Predictors of subclinical systemic sclerosis primary heart involvement characterised by microvasculopathy and myocardial fibrosis

Objectives. SSc primary heart involvement (SSc-pHI) is a significant cause of mortality. We aimed to characterize and identify predictors of subclinical SSc-pHI using cardiovascular MRI. Methods. A total of 83 SSc patients with no history of cardiovascular disease or pulmonary arterial hypertension and 44 healthy controls (HCs) underwent 3Tesla contrast-enhanced cardiovascular MRI, including T1 mapping and quantitative stress perfusion. High-sensitivity troponin I and N-terminal pro-brain natriuretic peptide were also measured. Results.

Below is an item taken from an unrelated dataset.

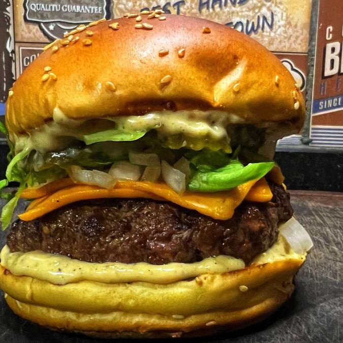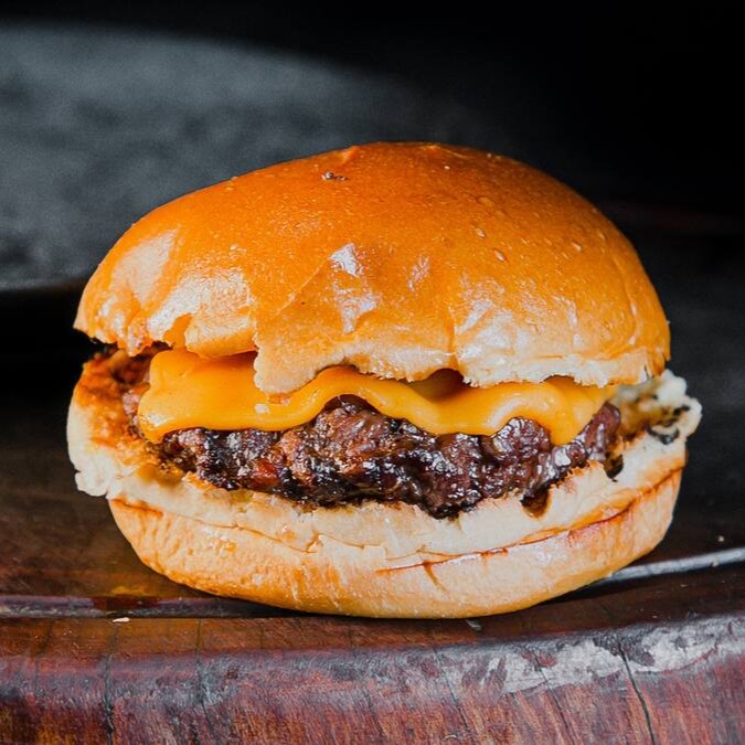 Pão brioche,duas carnes de 90g blend angus,cheddar,alface e maionese da casa.

Cardiovascular MRI revealed a lower myocardial perfusion reserve in the SSc patients compared with HCs {median (interquartile range (IQR)] 1.9 (1.6-2.4) vs 3 (2-3.6), P < 0.0011. Late gadolinium enhancement, indicating focal fibrosis, was observed in 17/83 patients but in none of the HCs, with significantly higher extracellular volume (ECV), suggestive of diffuse fibrosis, in SSc vs HC [mean (s.D.) 31 (4) vs 25 (2), P < 0.001]. Presence of late gadolinium enhancement and higher ECV was associated with skin score [odds ratio (OR)=1.115, P=0.048; R-2 =0.353, P=0.004], and ECV and myocardial perfusion reserve was associated with the presence of digital ulcers at multivariate analysis (R-2 =0.353, P <0.001; R-2 =0.238, P =0.011). High-sensitivity troponin I was significantly higher in patients with late gadolinium enhancement, and N-terminal pro-brain natriuretic peptide was associated with ECV (P < 0.05). Conclusion. Subclinical SSc-pHI is characterized by myocardial microvasculopathy, diffuse and focal myocardial fibrosis but preserved myocardial contractile function. This subclinical phenotype of SSc-pHI was associated with high-sensitivity troponin I, N-terminal pro-brain natriuretic peptide, SSc disease severity and complicated peripheral vasculopathy. These data provide information regarding the underlying pathophysiological processes and provide a basis for identifying individuals at risk of SSc-pHI.

Automated summary

The subclinical phenotype of SSc primary heart involvement is characterized by myocardial microvasculopathy, diffuse and focal myocardial fibrosis while retaining preserved myocardial contractile function. This phenotype is associated with high-sensitivity troponin I, N-terminal pro-brain natriuretic peptide, SSc disease severity, and complicated peripheral vasculopathy, providing insights into potential underlying pathophysiological processes and risk factors for SSc-pHI.